Dirk-Willem noted that RDQL (and similar languages) have advantages of familiarity to existing SQL developers, and the reuse of the ODBC and JDBC infrastructure. It can also expose and use lots of the other parts of the SQL work such as transactions, views etc. The disadvantage of a new RDF query language is that it would be unfamiliar to the developer or customer.

In addition to the SQL-style, there have been experiments with path-based query languages, most recently TreeHugger providing XPath over RDF graphs. There has not been much other work recently, although paths and conjunctive queries/joins have a clear mapping. XPath can probably fit on top of RDQL.

Several of these languages have also been used to transform to make XHTML using XSLT. Other approaches in this area include Graph Stylesheets (GSS) in IsaViz by Emmanuel Pietriga. CWI has also worked on this in the Cuypers Multimedia Transformation Engine over Sesame to transform the content into web presentations via XSL and Prolog rules.

The workshop discussed the core ideas for the smallest useful work on a query language that could be done in this area. This might mean that some of the needs of the applications represented may not be met and so an extension mechanism, modules were considered. This does bring up interoperability problems but might be required as an escape hatch to allow application customisation.

It was mentioned how queries should be able to use multiple graphs/models, sometimes called contexts. This could be mapped to a fourth part of a triple in a match, which is outside the RDF model (but to compare, SQL views are outside the original SQL model). 3store allows some access to this kind of information in RDQL queries but this has to be made consistent across all applications. Others may want source URIs, context URIs or other identifiers to be either specified in querying and/or returned with the result set.

A summary of issues that were mentioned in the discussion

11:36 access protocols / web apis, web services

(IRC)

Andy Seaborne introduced the RDF Net API submission to the W3C with Graham Moore. It is a SOAP interface to an RDF store and addresses how to access large RDF stores remotely. Query seems a natural paradigm for accessing RDF graphs; the query language is a triple with holes in it that maps quite easily onto existing toolkits. The service description does not preclude a REST architectural style, and indeed Joseki provides that. There was general interest in small and easy to implement access protocols.

Related work

12:00-13:00 Lunch

13:08 - Retrieval APIs for software, querying and the web (such as web services)

(IRC logs)

The group considered what kind of semantic web services might be wanted dealing with or for semantic web data, queries or access. What kinds of protocols should be used, does it need a semantic web specific service technology such as DAML-S/OWL-S? The discussion started from the use cases to direct the kinds of services that might be needed. Most of the discussion was starting from the potential services and their implications on the access model.
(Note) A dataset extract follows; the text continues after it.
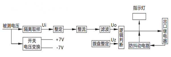被測(cè)電壓經(jīng)過(guò)電阻分壓取樣,得到與被測(cè)電壓成比例的取樣電壓Ui,Ui經(jīng)撥盤(pán)整定,再進(jìn)行整流濾波,得到直流Uo,邏輯回將Uo 與門(mén)坎電壓Uz進(jìn)行比較。對(duì)欠電壓繼電器,若Uo>Uz,則出口繼電器不動(dòng)作;若Uo<Uz,則出口繼電器動(dòng)作。對(duì)過(guò)電壓繼電器,若 Uo<Uz,則出口繼電器不動(dòng)作;若Uo>Uz,則出口繼電器動(dòng)作。
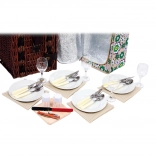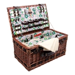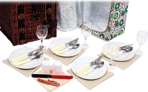Kurven indeholder alt nødvendigt til en picnic med familie eller venner: tallerkener, bestik, vinglas, kniv, peberbøsse, saltbøsse og servietter.

Most of the services were not a multi-stage series of protocol requests or complex interactions. Several of the services could be implemented by sending a query in some concrete query language, which is how many of the participants currently express their web service APIs. This has been the current trend, away from remote API level services in an RPC style. AKT has effectively dropped OKBC/WS work in favour of sending RDQL although Sesame still uses the sesame client library.

Services ranged from the Web Service (SOAP, RPC style) to the REST architectural model which is the core of the Web design. Many people supported REST as the preferred approach and have made several REST based RDF API web services (Jo Walsh reports on this in her position paper) and Libby Miller has made several as demonstrators for SWADE.

The services need to have a consistent view on certain things such as description of a store, a graph or a context (such as discussed earlier) in order that these can be used in the services. This might be partially a call for a common underlying API or even a higher level one, although as in the relational database world, a query language can do this (as well as having software APIs such as ODBC and JDBC).

On the common API front, the Jena and Sesame projects noted they have experimented with connecting their work at the triple store and inferencing levels (Graph API for Jena2, SAIL level for Sesame). Most other interconnections have been made using web services over SOAP, Java RMI or alternately using the web with REST HTTP interfaces. The latter (RMI and HTTP) are the most lightweight. HTTP was particularly favoured since it is the web and has the best support, ease of use, lowest cost and interacts well with other parts of the web such as proxies and firewalls without "tunneling" them.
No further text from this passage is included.